The Type II Secretion System in Acinetobacter baumannii: Its Role in Pathogenesis and Translational Implications

Abstract

Acinetobacter baumannii is a Gram-negative, nosocomial pathogen that typically infects immune-compromised individuals. It is of growing concern in healthcare settings due to its ability to form biofilms, survive long periods of desiccation, and easily acquire antibiotic resistance. In an effort to better combat this pathogen, we have focused on elucidating aspects of the pathogenesis of A. baumannii. Many Gram-negative bacteria such as Vibrio cholerae and Pseudomonas aeruginosa possess a Type II Secretion System (T2SS) to secrete substrates used for colonization and survival in their environment. In our first study, we highlighted the unique organization of the T2SS genes, gsp, in A. baumannii and demonstrated that, despite this uniqueness, the T2SS is functional by analyzing a secreted lipase, LipA. Unlike the wild-type ATCC 17978 strain, both the ΔlipA and ΔgspD mutant strains were unable to grow on media where long-chain fatty acids were the only source of nutrients. This difference was also observed in a quantitative lipase assay using 4-nitrophenyl myristate as the substrate for LipA. To determine if the T2SS has a role in vivo we inoculated mice via tail vein with an equal number of the wild-type 17978 strain and a mutant strain (either the ΔlipA or ΔgspD strain). Both mutants were outcompeted by the wild-type strain indicating that the T2SS is necessary for full colonization in a bacteremia model.

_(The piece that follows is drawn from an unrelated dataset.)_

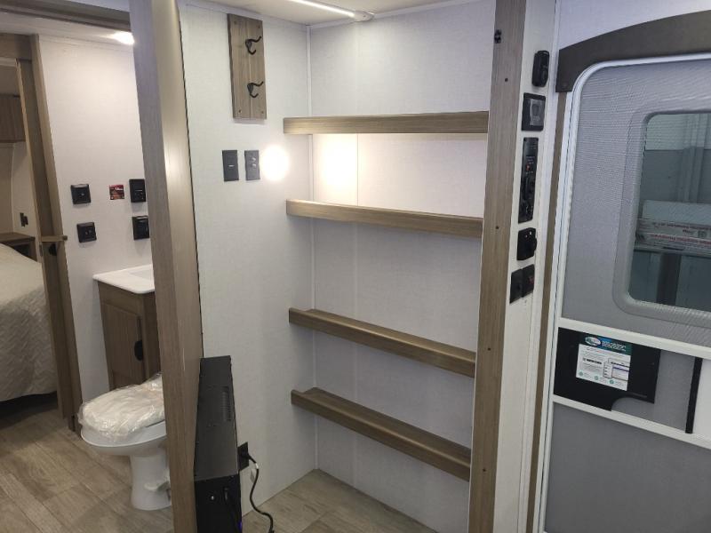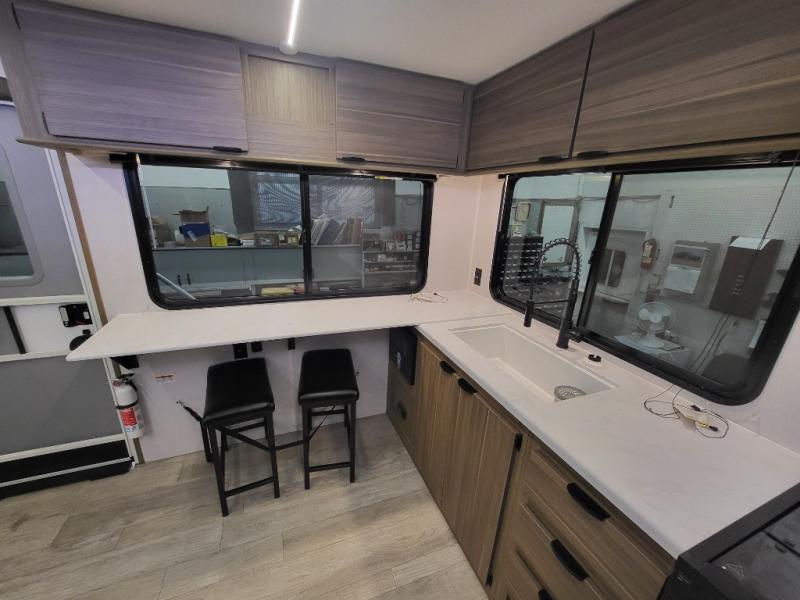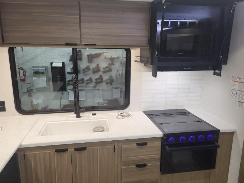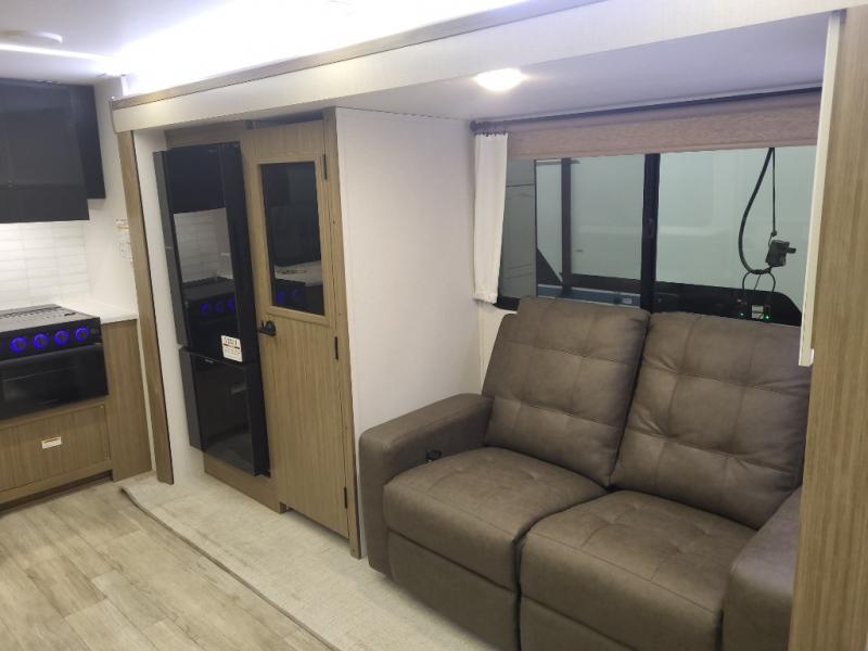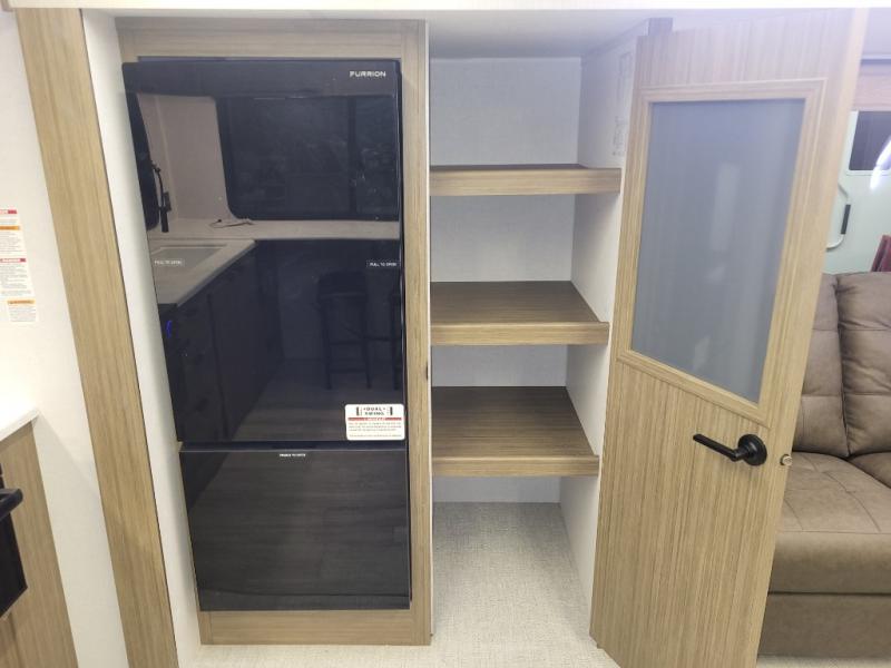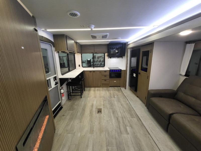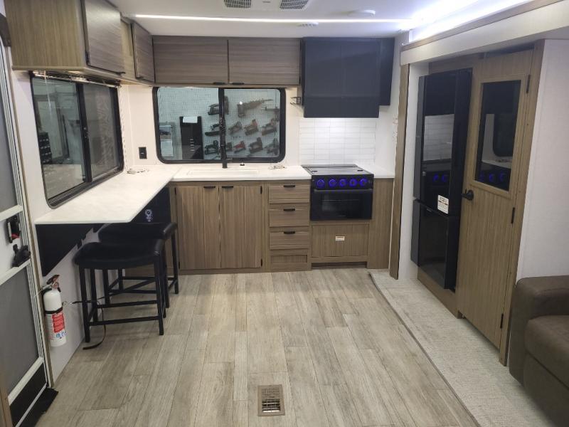 You're going to love cooking in the rear kitchen of this travel trailer! It has everything you need to prepare delicious home cooked meals including a large pantry and oversized fridge, plus there are two bar stools to sit on while you enjoy them. The theater seating is conveniently across from the swiveling entertainment center which has hidden shelves behind it for your games and movies. As you walk-through the bathroom, you will notice a walk-in shower to the left and a toilet and sink to the right. It leads directly into the front private bedroom which has a Versa-Tilt custom king bed to lay your head on at night and wardrobes/nightstands on either side for your items!

We continued exploring the role of the T2SSs in pathogenesis by characterizing the metalloprotease CpaA secreted by the A. baumannii strain AB031. We verified that CpaA is a T2S substrate using an Activated Partial Thromboplastin Time (aPTT) assay, which measures the function of the intrinsic coagulation pathway, the target of CpaA. A modified aPTT assay demonstrated that CpaA targets the coagulation component factor XII (fXII). We pinpointed the site of cleavage between Pro308 and Thr309 by subjecting cleaved fXII to N-terminal sequencing by Edman degradation. As Thr309 is O-glycosylated, we tested for the necessity of O-glycosylated residues by treating fXII with deglycosylases. CpaA was unable to cleave deglycosylated fXII, but deglycosylation did not affect the function of fXII when measured by an aPTT assay. Finally, we utilized a murine bacteremia model and observed that the strain lacking CpaA was unable to compete with the wild-type strain, suggesting that it contributes to in vivo fitness possibly by preventing intravascular capture by the coagulation system. In addition to the virulence traits mentioned above, the T2SS also aids in survival in serum as the wild-type strain, 17978, withstands complement mediated killing via the alternative complement pathway significantly better than a T2SS mutant. As the T2SS contributes to in vivo survival and protection from human complement, we designed, optimized, and validated a high-throughput screen (HTS) to identify inhibitors of the T2SS in A. baumannii. By targeting the T2SS a putative inhibitor would block the secreted substrates and, thereby, their functions. By utilizing a whole-cell lipase assay, we developed a HTS with low variation among the controls and a dynamic range between the positive and negative controls, giving a z-factor of 0.65. In addition, we showed that our screen is robust, sensitive, and reproducible. Taken together, my thesis work provides much needed insight into the pathogenesis of A. baumannii by elucidating the role of the T2SS and its substrates, LipA and CpaA.